Med-Surg - Gastrointestinal System, part 10: Pancreatitis
Pancreatitis. The pathophysiology, risk factors, signs/symptoms, labs, diagnosis, treatment, nursing care, and patient teaching associated with pancreatitis.
Full Transcript: Med-Surg - Gastrointestinal System, part 10: Pancreatitis
Full Transcript: Med-Surg - Gastrointestinal System, part 10: Pancreatitis
Hi. I am Cathy with Level Up RN. In this video, I am going to talk about pancreatitis. If you have our Level Up RN medical-surgical nursing flashcards, definitely pull those out. And make sure you review the bold red text on these cards because there are several very important points you need to know about pancreatitis. At the end of the video, I'm going to give you guys a little quiz to test your knowledge of some of the key points I'll be covering in this video, so definitely stay tuned for that.
Pancreatitis is inflammation of the pancreas. So any time you see -itis, that means inflammation, so inflammation of the pancreas. So normally, the pancreas sends inactivated enzymes to the small intestine, where they become activated and they help to digest fat, protein, and carbs. With pancreatitis, those enzymes become prematurely activated, such that they end up auto-digesting the pancreas, and that results in fibrosis of the pancreas. So risk factors associated with pancreatitis include alcohol abuse, which is a really important key factor. Other risk factors can include bile tract disease, GI surgery, gallstones, trauma, as well as medication toxicity. Signs and symptoms can include severe, left upper quadrant, or epigastric pain, and there will be possible radiation of this pain to the left shoulder or back.

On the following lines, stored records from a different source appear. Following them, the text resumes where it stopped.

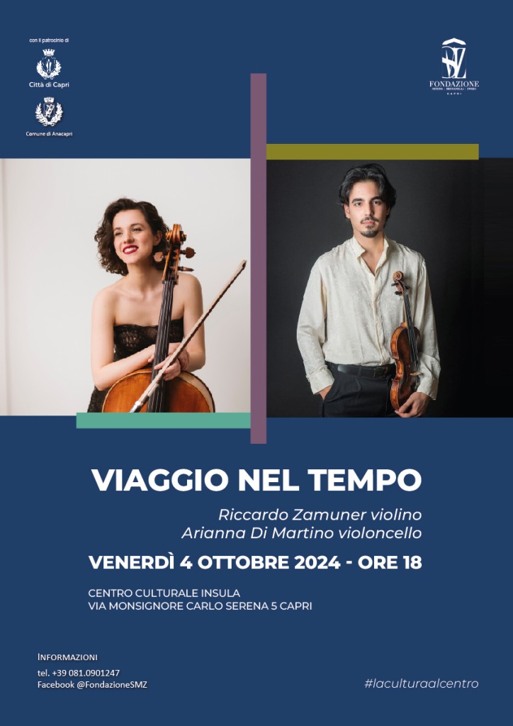 Venerdì 4 ottobre l’esposizione farà da sfondo al concerto ” Viaggio nel tempo” , Riccardo Zamuner al violino e Arianna Di Martino al violoncello con esecuzione di brani di Mozart, Verdi, Massenet, Elgar e Halvorsen.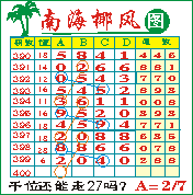 “南海椰风”第1400期推荐版局规律,本期千位27走三步.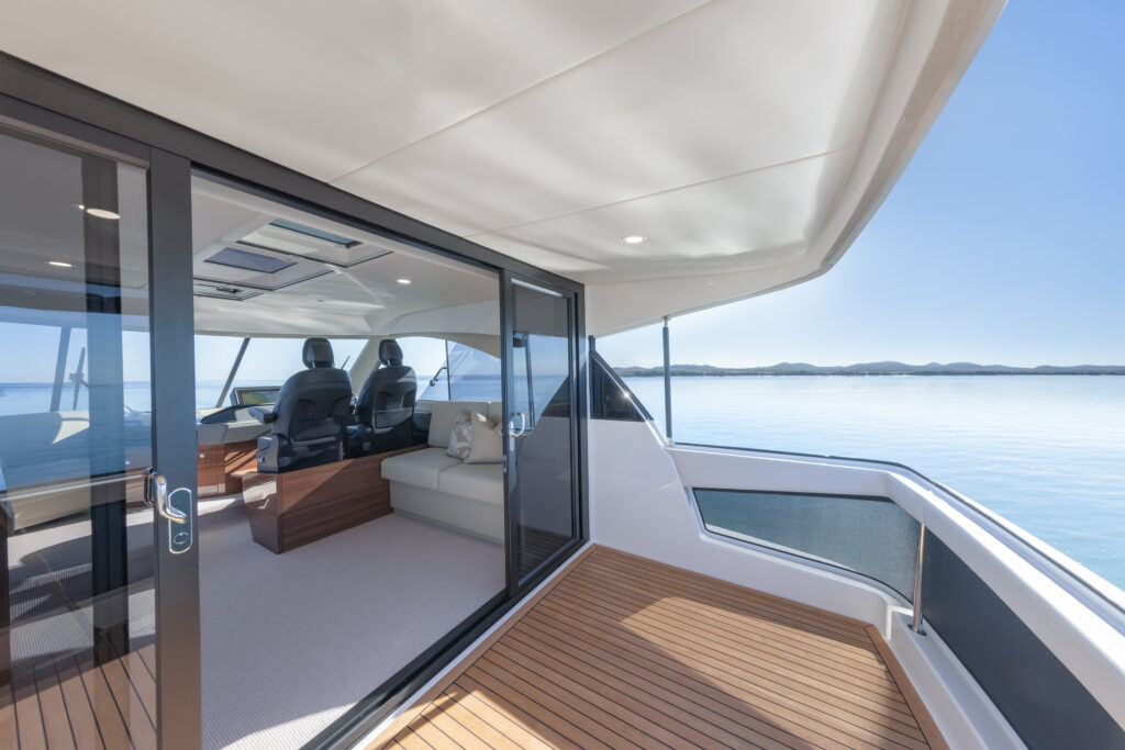 Our tour of the Maritimo M50 Flybridge begins at the stern, with mine host and tour guide General Manager Phil Candler, where the newest feature immediately catches the eye: the high-low platform. This isn’t just any swim platform – it’s a Maritimo-designed and manufactured innovation that represents years of engineering refinement. The platform possesses a unique dual functionality, obviously the ability to go up and down, but what sets it apart is the function to flip up. The engineering brilliance becomes clear as I watch the demonstration. When a tender is secured to the platform, it operates in its traditional horizontal position. But here’s where the genius lies – when no tender is present, the entire platform can flip vertically, reducing the boat’s overall length. This means that the hull goes from a hull ISO length of 16.82 metres down to 15.7 metres. And when deployed, it transforms the back area into a spacious entertainment zone perfect for water activities, integrated with a built-in barbecue, refrigerator and easy access to the lazarette. This seemingly simple innovation also solves a real- world problem that many boat owners face daily – marina berths are expensive, and every foot counts. The ability to take a shorter berth while maintaining full functionality when needed is the kind of practical thinking that defines the brand. It also works as a safety rail while out on the remaining flat piece of the platform, and I am sure, although not demonstrated on the day, would work well in breaking up a wave-pooping situation. But the platform isn’t a one- size-fits-all solution either, with some US customers preferring fixed platforms, while others choose to forgo the platform entirely.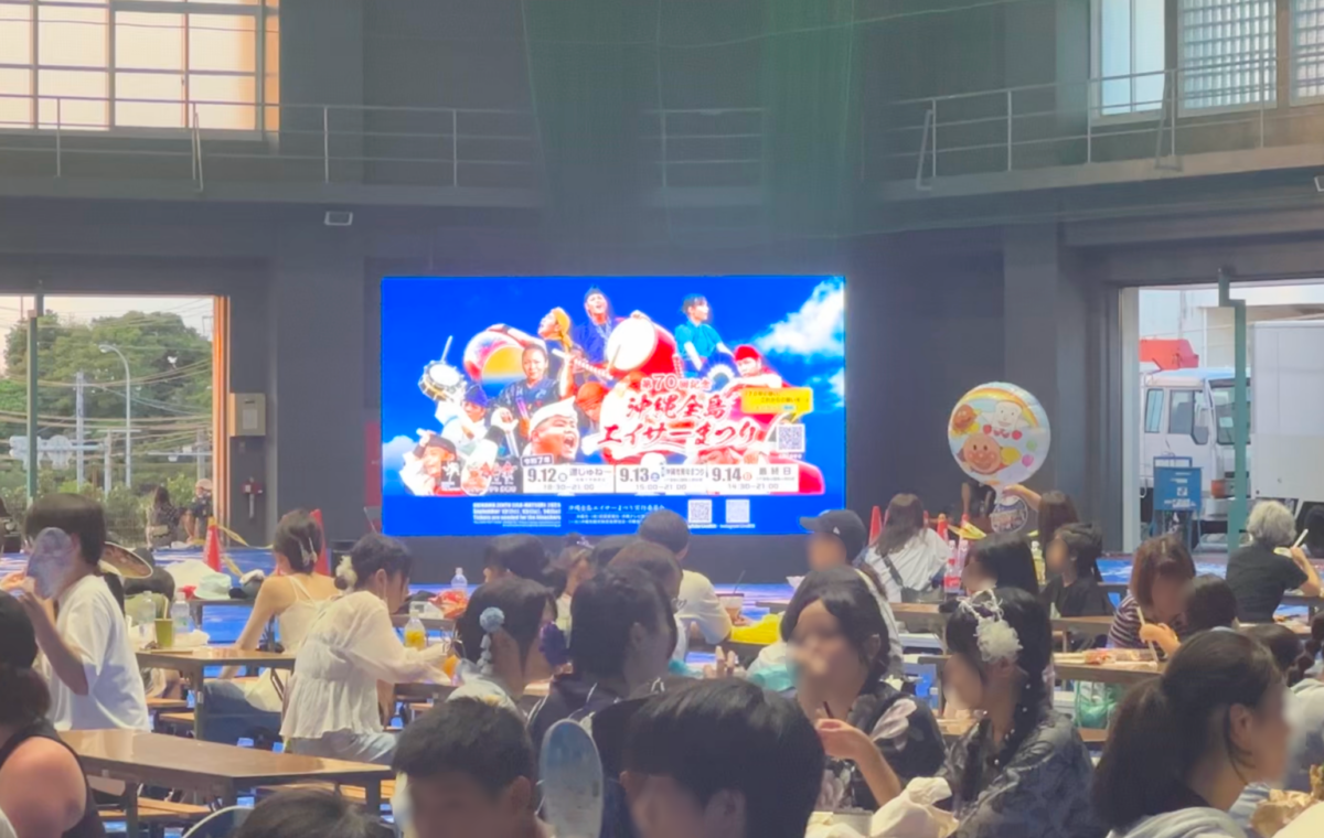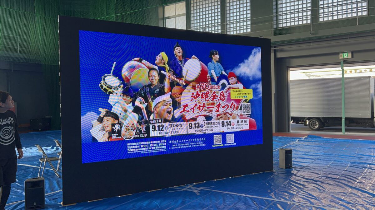 第70回記念沖縄全島エイサーまつりでは、会場の一つであるコザしんきんドーム内に約200インチのLEDビジョンを設置し、協賛映像やPR動画を組み合わせた映像演出を実施しました。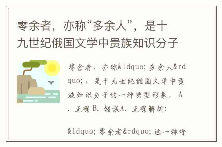 因此,题干将“零余者”等同于俄国文学中的“多余人”,并指出其是19世纪俄国贵族知识分子的一种典型形象,这一说法是正确的。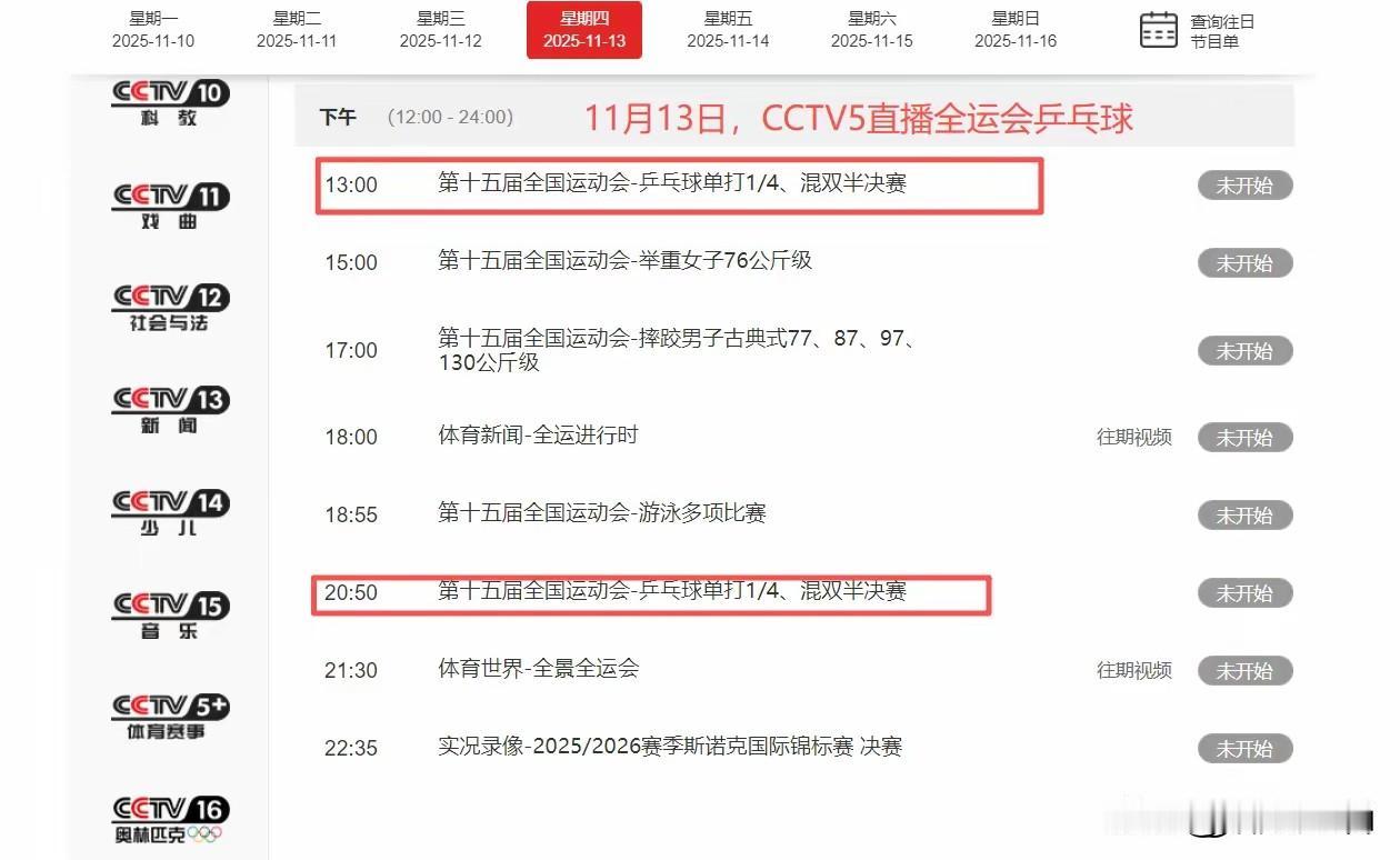 2. 全运会乒乓球直播调整 陈梦王楚钦迎来考验:11月13日全运会乒乓球女单1/4决赛,陈梦与国乒新星蒯曼强强对决,晋级4强悬念大;当日央视直播调整,CCTV5分下午13点、晚间20点50转播,CCTV5+不再直播。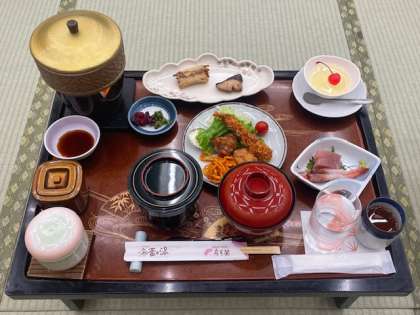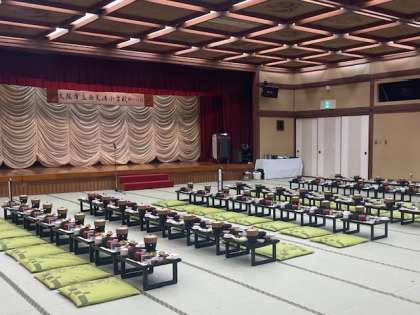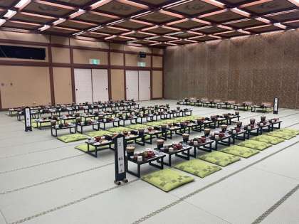 クラスごとに入浴したあと、いよいよ夕食の時間となりました。大広間には、すでに立派なお膳が整えられています。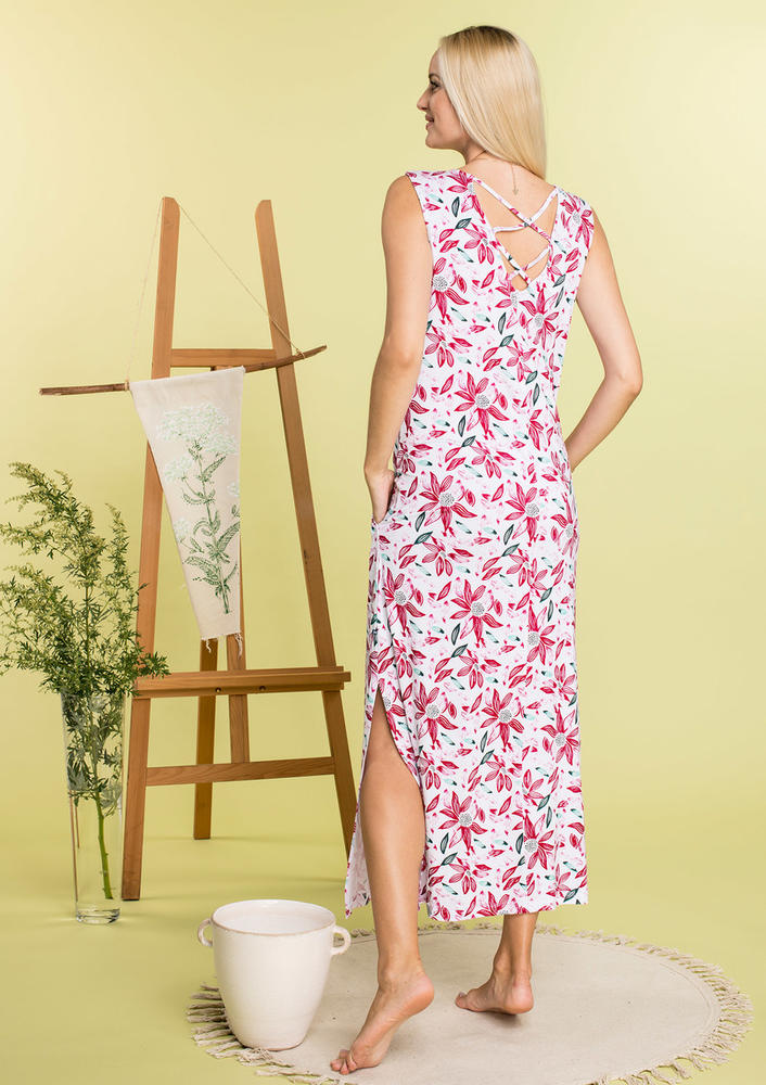 Długa, luźna sukienka w literę A, z przewiewnymi rozcięciami po bokach. Wyjątkowo delikatna dzianina bambusowa dająca naszemu ciału uczucie chłodu. Kwiatowy rysunek jeżówki z naszych ogrodów.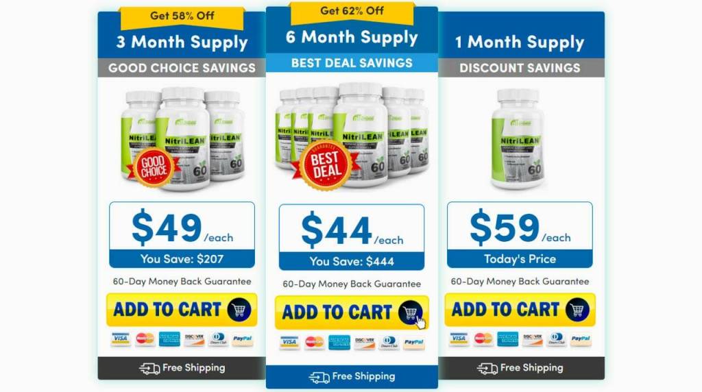 Ordering the NitriLEAN formula is only possible from one source – the official website. On the website, users will choose a few different packages, separated only by their quantity. All of the packages come with free shipping, but users save a lot of money by stocking up while they can.

In addition, the patient will have nausea and vomiting, and they'll have something called Cullen's sign, which is where we have blue-grey discoloration around the umbilicus or the belly button. So I was trying to think of a good way to help you guys remember Cullen's sign. One of my viewers said, "Hey, Edward Cullen from Twilight has kind of a blue-grey discoloration to his complexion." And so I have to admit I've not seen Twilight, but I did Google Edward Cullen, and he does kind of have a pale complexion, might be a little blue or grey in discoloration. If that helps you to remember Cullen's sign, then I am all for that. The other sign that may be present is Turner's sign, so we do have a cool chicken hint here for Turner Sign. So if you turn your patient over on their side, you will see Turner's sign, which is ecchymosis that will show up on the patient's flank. Other signs and symptoms include jaundice as well as tetani, which is associated with hypocalcemia that we often see with pancreatitis.
Abnormal labs that are associated with pancreatitis are very important to know. Labs that may be elevated include amylase, lipase, white blood cells, bilirubin, as well as glucose. So why is glucose elevated? Well, the pancreas normally makes insulin. So if the pancreas is messed up and not making enough insulin, then that glucose is not getting from the bloodstream into the body's cells, and it's accumulating in the bloodstream. Lab values that may be decreased include calcium, magnesium, and platelets. So in terms of diagnosis, we can use an ultrasound, CT scan, or MRI to help diagnose pancreatitis. For patient with pancreatitis, we're going to place them on NPO and then gradually have them consume a bland and low-fat diet over time. In addition, we're going to provide IV fluids and electrolytes. We're going to provide opioid analgesics because pancreatitis is associated with severe pain.
In addition, we need to provide antibiotics, antiemetics for nausea and vomiting, insulin so that we can get that glucose into the body's cells, and then pancreatic enzymes with all meals and snacks. Because again, the pancreas is messed up, so it's not doing its normal job, which includes bringing those digestive enzymes over to the small intestine to help with digestion. In terms of nursing care, we're going to want to monitor for complications, which can include chronic pancreatitis, which is something we see often with alcohol abuse. Other complications include a pancreatic pseudocyst. So this is where we have these fluid-filled sacs that form kind of in or around the pancreas. And then type 1 diabetes is also a complication of chronic pancreatitis. In terms of patient teaching, we want to definitely emphasize that the patient should not consume alcohol. And if appropriate, we should refer the patient to an alcohol recovery program. And then we should encourage the patient to consume a low-fat diet, ongoing, and no smoking.
All right. Are you guys ready for your quiz? I have three questions for you. First question, what do you call the ecchymosis on the flanks of a patient with pancreatitis? The answer is Turner's sign. Question number two, what do you call the blue-grey discoloration around the umbilicus with pancreatitis? The answer is, Cullen's Sign. All right. For this third question, I want you to tell me whether the lab value will be increased or decreased with pancreatitis. You ready? Glucose? It will be increased. Amylase, increased. Calcium, decreased. Lipase, increased. Magnesium, decreased. Okay. That's it for pancreatitis. I hope you learned a lot. Take care and good luck with studying.